Catheter-directed therapy, including catheter-directed thrombolysis or mechanical thrombectomy, was considered. In our setting, the team was concerned that intracardiac and pulmonary arterial instrumentation in the presence of a mobile right atrial thrombus could precipitate thrombus detachment and further embolization. We also aimed to minimize bleeding risk and therefore avoided full-dose systemic thrombolysis, choosing a reduced-dose regimen instead, consistent with published data supporting lower-dose strategies in selected pulmonary embolism patients [5–7].
Alteplase 50 mg was administered intravenously over 2 hours, with careful bleeding surveillance. The clinical response was prompt: oxygen requirements fell, tachycardia improved, and lactate normalized. There were no major bleeding events, including no intracranial hemorrhage. She was transitioned to lifelong apixaban before discharge. A day-1 post-thrombolysis echocardiogram showed modest improvement in RV size and function compared with the results obtained 1 day earlier (Figure 5). At her 2-month follow-up, she remained in excellent clinical condition.
Discussion
This case is familiar to many clinicians: a patient whose blood pressure looks reassuring while every other signal says the RV is under threat. In acute pulmonary embolism, obstruction and vasoconstriction abruptly raise pulmonary vascular resistance. The RV is not built for this. As afterload rises, RV dilation and ischemia can follow, and the circulation may fail quickly through reduced left ventricle filling and falling cardiac output [8].

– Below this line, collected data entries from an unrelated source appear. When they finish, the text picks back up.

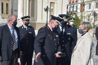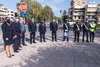 O Υφυπουργός Προστασίας του Πολίτη κ. Ελευθέριος Οικονόμου, μαζί με τον Αρχηγό της Ελληνικής Αστυνομίας, Αντιστράτηγο Μιχαήλ Καραμαλάκη, προσέφεραν δώρα σε τροχονόμο στο Σύνταγμα, συνοδευόμενοι από τον Γενικό Αστυνομικό Διευθυντή Αττικής, Υποστράτηγο Γεώργιο Γιάννινα και το Διευθυντή της Διεύθυνσης Τροχαίας Αττικής, Αστυνομικό Διευθυντή Σπυρίδωνα Λάσκο.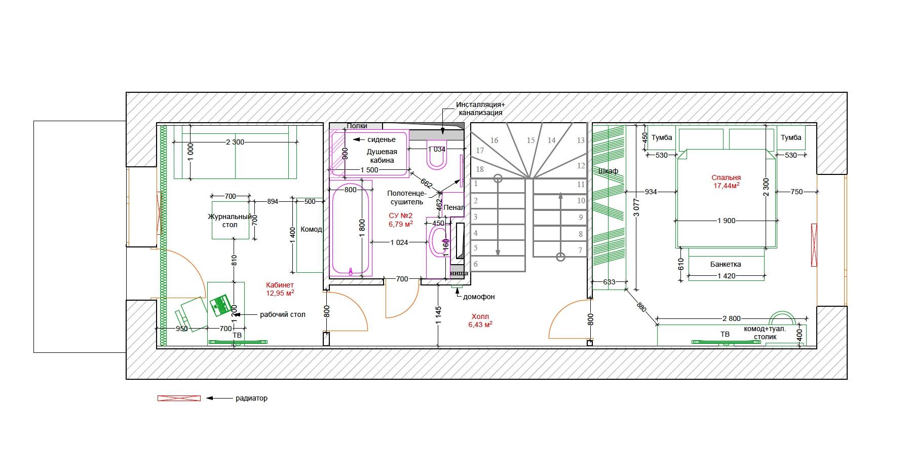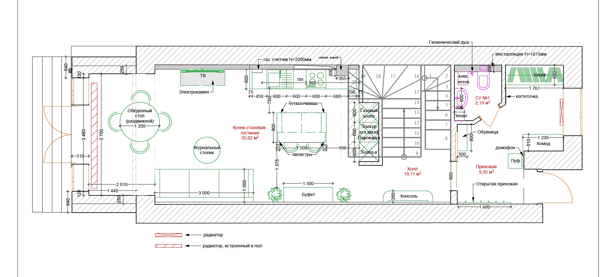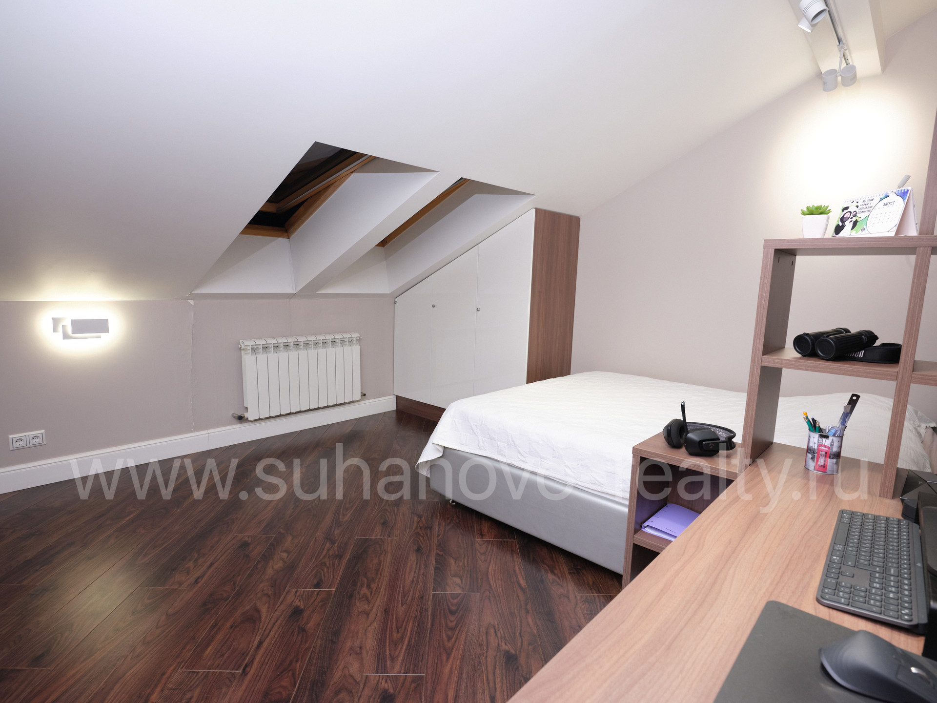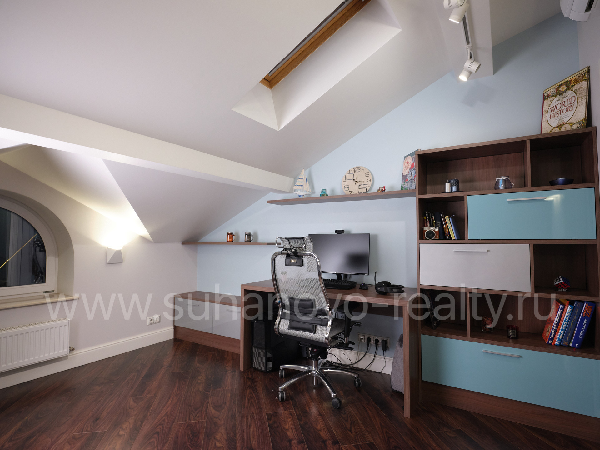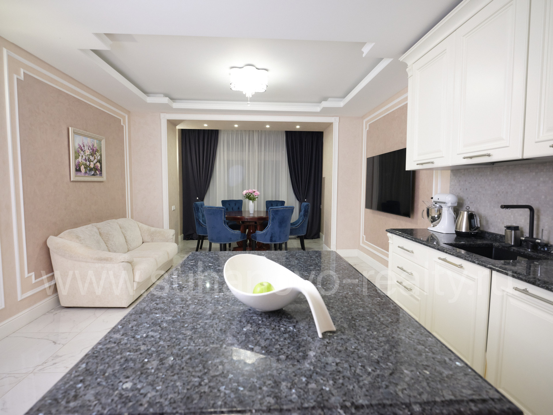 На 1 этаже расположены прихожая со встроенным шкафом (9,35 кв.м), гостевой санузел (2,2 кв.м) и совмещенная с кухней большая светлая гостиная (35 кв.м.) с панорамными французскими окнами, через которые осуществляется выход во внутренний дворик с зоной барбекю и зеленым газоном. На 2 этаже - просторная хозяйская спальня (17,5 кв.м.) с хорошей звукоизоляцией, санузел с ванной и душевой кабиной (6,8 кв.м.), а также кабинет (13 кв.м.) с выходом на балкон. На 3 этаже - две комнаты для детей/подростков (17 кв.м. каждая) и санузел (6 кв.м.). В цоколе устроены бойлерная (5 кв.м.) со стеллажами для хранения автомобильных шин, велосипедов и инструментов, постирочная (17 кв.м.) с большим встроенным шкафом, стиральной и сушильной машинами, раковиной, холодильником и морозильником, а также кинотеатр/фотостудия (23 кв.м.) с хорошей звукоизоляцией и всеми необходимыми выводами под оборудование и интернет.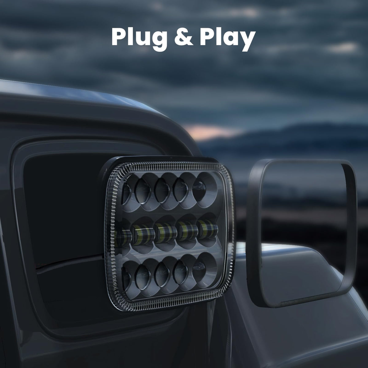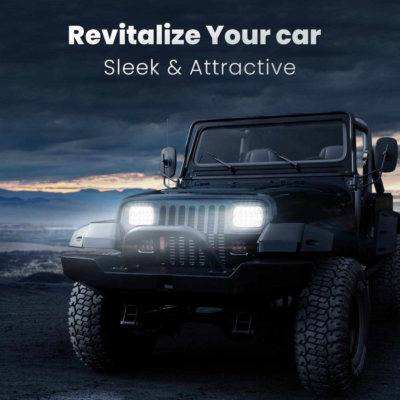 Q: What vehicles are compatible with the HWSTAR 110W 5x7 LED Headlights?A: The HWSTAR 5x7 LED Headlights are compatible with various vehicles that have 5x7 inch (also known as 7x6) square headlights. This includes models such as the 1986-1995 Jeep Wrangler YJ, 1979-2001 Cherokee XJ, Ford E-series and F-series, C4 Corvette, GMC Savana, Dodge W250, and more. If you're unsure about compatibility, please consult us.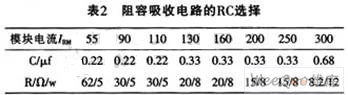 模塊過壓保護一般也可采用阻容吸收法。對于持續(xù)時間較短,能量不大的過電壓,一般可在模塊兩端并聯(lián)阻容吸收電路,用吸收電容把過電壓的電磁能量變成靜電能量存貯起來。而用吸收電阻不但可以防止電路振蕩,還可限制晶閘管導(dǎo)通時電容放電所產(chǎn)生的開通損耗和di/dt值。并聯(lián)在晶閘管開關(guān)模塊的RC值可參考表2。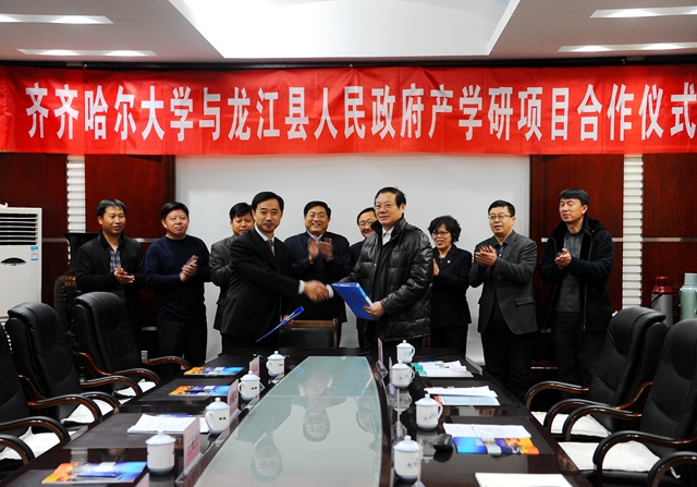龙江县委书记王兆宪在签约仪式上详细介绍了县域经济的有关情况,重点介绍了龙江县在特色农副产品、农产品精深加工以及相关科技创新方面所开展的工作。王兆宪希望大学和地方积极发挥各自的资源优势,进一步加强科研和科技成果转化方面的合作,提升合作的层次和水平,共同推动地方社会经济各项事业的深入发展,为振兴龙江经济做贡献。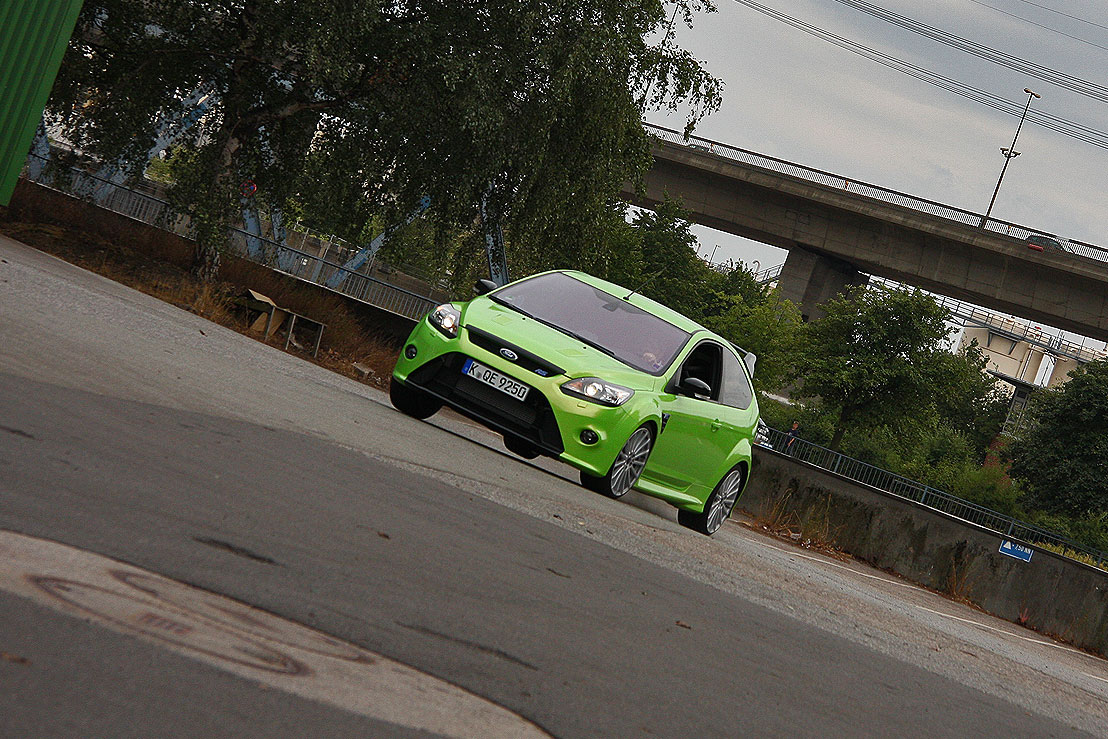 In diesen Drehzahlbereichen ist der grüne Kölner derart schnell, dass das Hirn kaum mehr mitkommt. Doch selbst der dilettantischste Fahrer ist mit dem RS in der Lage neue Bestzeiten in den Asphalt zu brennen. Das Chassis reagiert in jeder Situation spektakulär vertrauensvoll. Zwar dreht sich das Heck mit ein und das kurveninnere Rad der Hinterachse verliert oft den Bodenkontakt, doch das ändert nichts daran, dass der Focus jeden Quadratzentimeter Asphalt in Grip umzusetzen scheint. Auf der Straße kleben bekommt hier eine ganz andere Bedeutung. Und es ist egal ob man ihn in den Lastwechsel zwingt, voll das Gas anlegt oder andere Spielereien macht, der RS liegt und geht. Immer. Überall. Gefühlt schneller als alles andere.

The clot-in-transit was the turning point. Registry data show that right-heart thrombi in pulmonary embolism identify patients with a worse prognosis, particularly when RV dysfunction is present [4]. Unlike an already-embedded pulmonary clot, a mobile intracardiac thrombus feels dynamic: it can disappear in seconds, and when it does, it may have embolized. That uncertainty is what often pushes teams toward earlier escalation. In the Right-Heart Thrombi European Registry (RiHTER), 30-day pulmonary embolism-related mortality among normotensive patients with right-heart thrombi was 12%, and this mortality increased to 16% when RV dysfunction was present [4]. Notably, thrombus characteristics, including mobility, did not independently predict mortality, reinforcing that escalation should be guided by the full risk profile rather than clot appearance alone [4].
Guidelines advise against routine systemic thrombolysis in intermediate-risk pulmonary embolism because the bleeding penalty is real [1,5]. At the same time, they support escalation when clinical deterioration is likely or unfolding, and they acknowledge that an individualized approach is sometimes necessary [1]. In our patient, the question was not whether she met the universal definition of shock, but rather how long she would stay compensated.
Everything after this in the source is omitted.